Quick News Bit

Faust Files: Zeke Emanuel on ‘Living With COVID’

0
Faust Files: Zeke Emanuel on ‘Living With COVID’

In this video, Jeremy Faust, MD, of Brigham and Women’s Hospital in Boston and MedPage Today‘s editor-in-chief, and Ezekiel Emanuel, MD, PhD, of the University of Pennsylvania in Philadelphia, discuss a new roadmap for living with COVID-19, and give an inside look at the COVID Advisory Board during the Biden-Harris transition.

The following is a transcript of their remarks:

Faust: Hello, I’m Jeremy Faust, editor-in-chief of MedPage Today. Thanks for joining us. Today, we are joined by Dr. Ezekiel Emanuel.

Dr. Emanuel was a former COVID-19 Advisory Board member during the Biden-Harris transition. He is also the lead author of a new plan for the future entitled “Getting to and Sustaining the Next Normal: A Roadmap for Living with COVID.”

Dr. Emanuel, thank you so much for joining us.

Emanuel: It’s my pleasure.

Faust: So when they had policies rolling out in the fall, I didn’t feel as if people, like maybe the Biden task force — the advisory transition task force — were really parts of those conversations. I certainly wasn’t, but I didn’t get a sense that others were either, and that there was kind of an increasing sense of insular “go-it-alone” kind of approach.

My sense though is that after December, when you and a few others from that task force and transition team published these editorials in the Journal of the American Medical Association — and we had a couple of those authors on with us at MedPage Today in this format — that after that there was a little more of an opening; more of a…robust conversation with those trusted people like yourself, and people who are also lead authors on this roadmap that we’re discussing. Have the last couple of months been a little bit more…has there been more time for those conversations? Is that a good way to ask it?

Emanuel: Yes. The answer is yes. And I do think that when we published the JAMA articles — and basically said ‘We need a new strategic plan; the old one is a year old — things are different; we’ve had Delta, we’ve had Omicron; and the perspective is very different. We’re not getting rid of COVID, we’re not going to have a vaccine that prevents transmission,’ I do think that probably changed the attitude, well, to ‘We need to rethink this.’ And we began a process of more systematic consultation.

Faust: And let’s talk about the rubber meeting the road.

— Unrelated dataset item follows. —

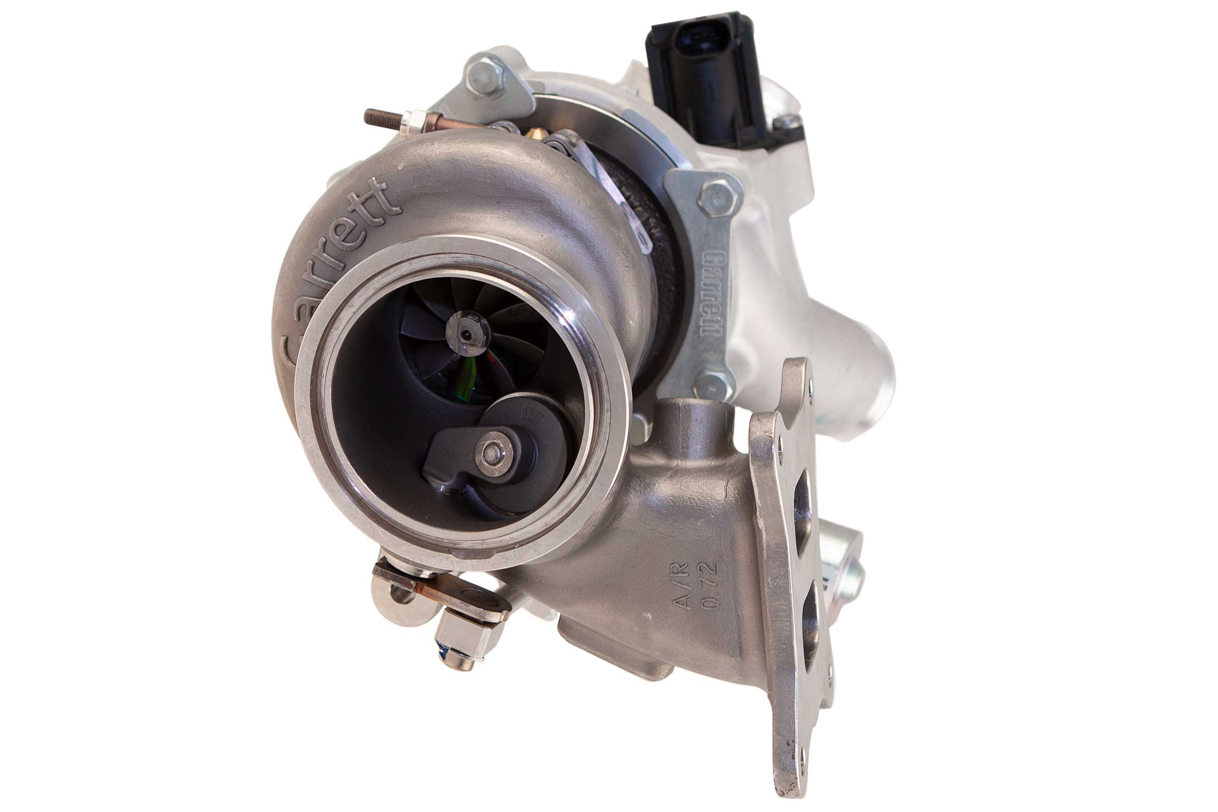 The exhaust housing boasts enhanced exhaust gas throughput, purpose-built for Garrett’s premium turbine assembly. Crafted from stainless steel capable of withstanding temperatures of 1050°C, the duct routing is optimized for performance and flow. An added benefit is the compatibility with all downpipes, ensuring a perfect fit with the exhaust housing outlet.
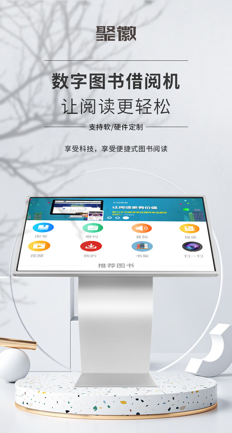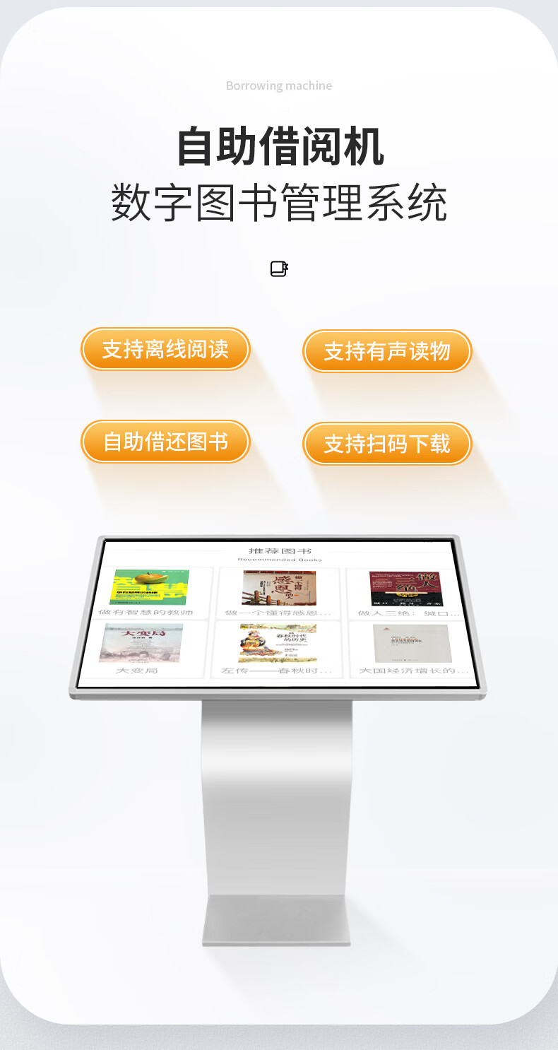 聚徽 65英寸卧式图书电子借阅机数字图书馆借书机瀑布流电子读报机阅读屏自助借还书机数字图书管理系统 自营

Has any aspect of the new roadmap already sort of begun to take shape even in just the last few weeks? And if so, what aspects have the administration indicated that they’re most interested in getting off the ground, and are there some areas that they say, ‘Yes, but we need funding?’ Where are we with a few of the key provisions?

Emanuel: Well, first of all, I think there’s a huge amount of interest; there was a huge amount of interest; we spent a lot of time when we developed the roadmap talking to the White House, as well as HHS [Department of Health and Human Services]. But, you know, just take the ‘Test to Treat‘ proposal. It may not be exactly the proposal I had in mind or you might prefer, but I do think that’s an example of something that we advised them on, and they took to heart, and have worked out what they think is the best kind of program they can actually stand up. So I do think that’s a good example.

I’ve had some discussions with people at the CDC about a data infrastructure and getting data inputs and making that, not an emergency measure, but actually more permanent and getting the standardization around the data platforms permanent. So I do think those things are happening.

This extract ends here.